剛鬆完氣,柯南突然拍了下腦袋,剛纔跟周宇打電話,他到底讓自己做什麼來著?
腦子裏亂糟糟的,隻記得好像提了“日曆”“時間”之類的詞,具體細節卻模模糊糊。
他皺著眉想了半天,還是沒理清頭緒。
“算了,”他小聲嘀咕,“說不定也不是什麼重要的事……”
說著就把這事拋到腦後,拿起叉子叉了塊蛋糕遞到嘴邊。
周宇結束通話電話,隨手把手機扔到床上。
他倒不擔心柯南,那小子真要說起來比誰都靠譜。
不過現在的重點不是柯南,他轉頭看向陳嘉,繼續了,剛才沒說完的話題。
“我猜,這個世界就是塊被打亂的拚圖。”
他指尖在床單上輕輕劃著,把他對“記憶能被修改”“時間線可能錯亂”的猜測一股腦說出來:
“我們經歷的每一個事件,都是已經固定的拚圖塊。
以我們現在站的這塊拚圖為中心,會牽出其他‘拚圖’,也就是那些劇情。
拚著拚著,所有散亂的塊就都連起來了。
看似亂,但其實都有聯絡。
時間是一直往前跑的,可記憶,卻能隨便擺佈。”
陳嘉很快就抓住了核心。
他沒看見周宇閉眼時做了什麼,但結合柯南“突然載入新記憶”的事,一猜就中:
“剛才柯南說的‘遊樂場早晨見過和泉嶽’,根本不是他忘了,是你剛剛創造出來的?”
“對。”周宇點頭承認。
陳嘉沉吟著總結:“之前我記得柯南問過,‘和泉嶽’是不是你外甥。
那個憑空冒出來的小孩,還有這次柯南的記憶……
你創造這些的時候,都是以‘和泉嶽’的形態在做事?”
“沒錯。”周宇指尖停在床沿,語氣沉了點,“雖然現在說不清是巧合還是規律,但這個世界恐怕異常龐大。
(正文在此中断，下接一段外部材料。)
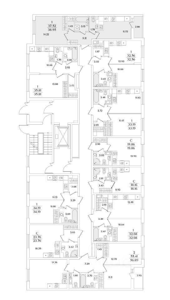 Квартира находится в 9 этажном доме, в Очередь 1, Корпус 1 на 2 этаже. Общая площадь квартиры 38,95 кв.м.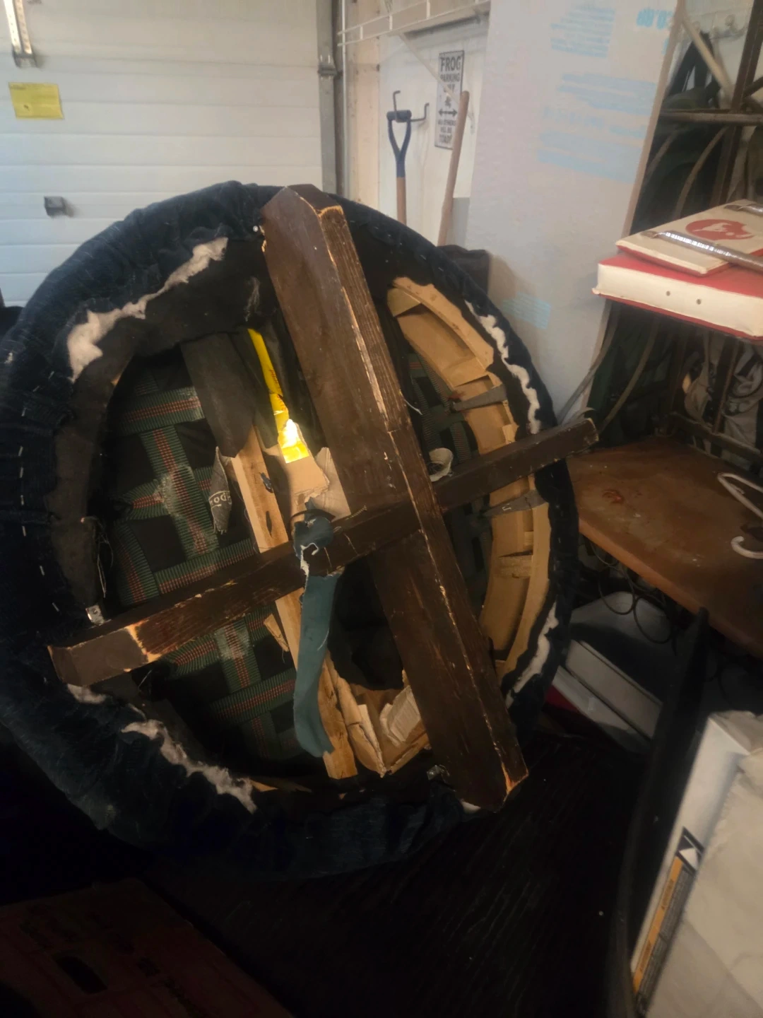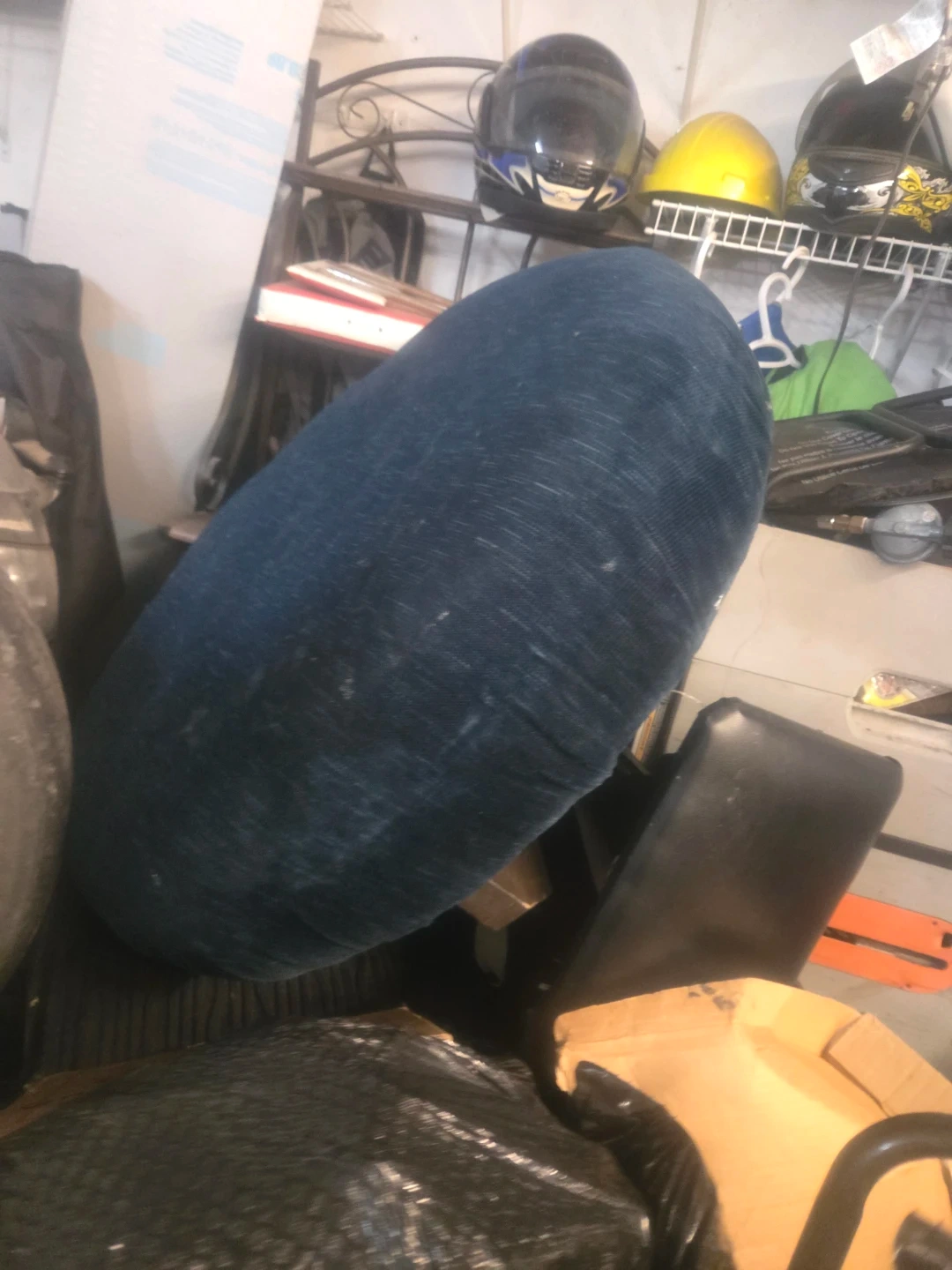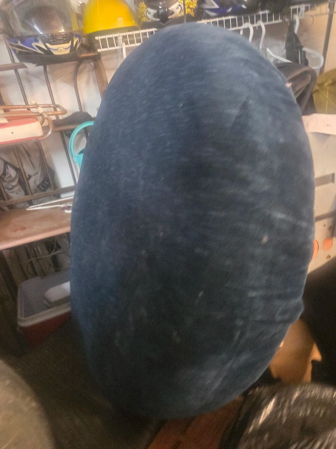 This blue fabric ottoman is a nice addition to any room. It's upholstered in a dark blue textured fabric. The interior shows its sturdy wooden frame and construction.

對應的‘拚圖’也格外多,多到正常的時間線根本擠不下這麼多劇情。”
他頓了頓,把關鍵邏輯點挑明:“所以,一直向前走的時間不會回頭,不會回到過去,但所有人的認知、所有人的記憶,卻可以被打亂、被混淆。
甚至被抽出一段單獨執行。
就像把不同時間段的‘記憶碎片’拆開,再重新粘到對應的人腦子裏,這樣‘擠不下’的拚圖,就能錯落地嵌進時間裏了。”
陳嘉順著他的話想下去:“也就是說,我們看到的‘現在’,可能是被無數段‘修改過的記憶’拚湊出來的?
比如柯南記著的‘遊樂場早晨’,其實是你剛補上的‘碎片’,卻被他當成了自己‘早該有的記憶’。”
“不是這個意思。”周宇搖頭:“這世界的時間是直的,記憶是亂的,這大概就是它能裝下這麼多‘拚圖’的辦法。
但我們並不是主線人物,我們沒有那麼多的拚湊記憶的需要,我們是有過去和未來的獨立人,而這群人……”
“他們沒有過去和未來,所以現在也是可以任意擺佈的,他們都是被劇情所創造出來的。
那麼問題來了:所有劇情裡的人物,都會被劇情擺佈嗎?”陳嘉盯著周宇,丟擲關鍵問題。
“大概是的。”周宇靠在床頭,語氣帶著點不確定,他從口袋裏拿出了那條珍珠項鏈,想跟陳嘉講了,雲霄飛車殺人事件:
“就像森川瞳,如果我沒攔著,她大概率會順著原劇情裡的‘憤怒’走下去,用項鏈在雲霄飛車上做傻事。
但是我也不能確定幼年的我和現在的我是真的同一個時期,同一個人,因為在那之前我有問過柯南,他說工藤新一沒有在雲霄飛車上遇到任何事件。”
他頓了頓,補充道:“這就有兩種可能:
一種是他這片記憶還沒有被拚湊進去。
還有一種就是,我和幼年的我其實也是在拚湊記憶這些過去,早就已經發生過了,隻不過還沒有拚進世界。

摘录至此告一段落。